K K Gupta
Posted on March 1st, 2019
Devansh / Son
All of this started when my Mom and I noticed that my Dad was out of breath on 23 Nov., 2018. We called an ambulance from the small township hospital. On reaching the hospital, he was given oxygen and was stabilised. He was referred to a nearby hospital in the city, some 2 hours away.
We were told that he had renal failure due to chronic kidney disease stage-5. He did not have hypertension or diabetes, and none in my family had ever had CKD. The doctor was even unable to identify the cause of failure and he was put on dialysis. On 1 Dec, my dad started having abdominal distension and a gastrologist was called. He told he had peritonitis and intestinal TB. There was fluid in his abdominal cavity which was drained. Next day, we noticed a rash on his abdomen from where the fluid was drained and the doctor didn’t give it a shot. It started spreading and was so his abdominal distension.
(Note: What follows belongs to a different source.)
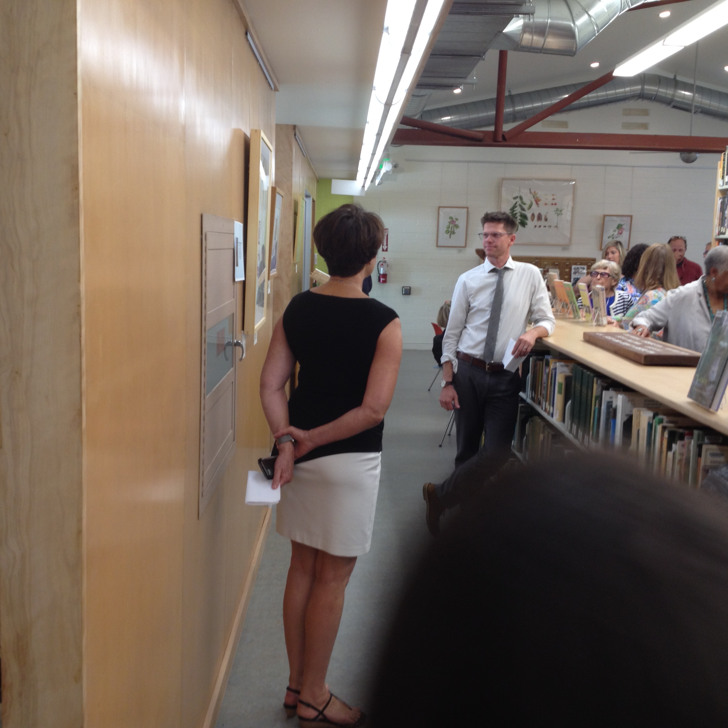 Matt Ritter discussing Janice Sharp’s Eucalyptus racemosa, Scribbly Gum, and why the scribbles disappear when the tree is grown away from Australia, watercolor/gouache on paper.
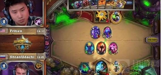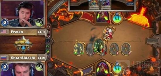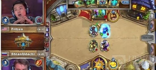 第四局Fr0zen龙牧对阵ShtanUdachi快攻萨,如果龙牧前期能压制萨满的生物并且处理好477那么赢面特别大。这次萨满似乎特别顺,不过牧师也能勉强应对。两人互相神抽,最后还是牧师占据了场面,并且灭了477,成功取胜。

We decided to shift him to India’s largest hospital for further evaluation. We arrived in the ER and he had hypotension (97/63). He was shifted to the ICU for observation but was shifted to a private room on stabilisation on 5 Dec 2018. 2 days later, a doctor came to our room, and told us that he had to be shifted to the ICU again. The reason he told us was that he had sepsis. We didn’t take it as something serious and thought that they had taken him for observation. But suddenly, on 11 Dec at 4 am, we were called to get him intubated. We desperately signed all papers and were told that he had severe pneumonia. They did the bronchoalveolar lavage test and found Klebsiella pneumoniae as the causitive bacteria. (Sepsis and Bacterial Infections)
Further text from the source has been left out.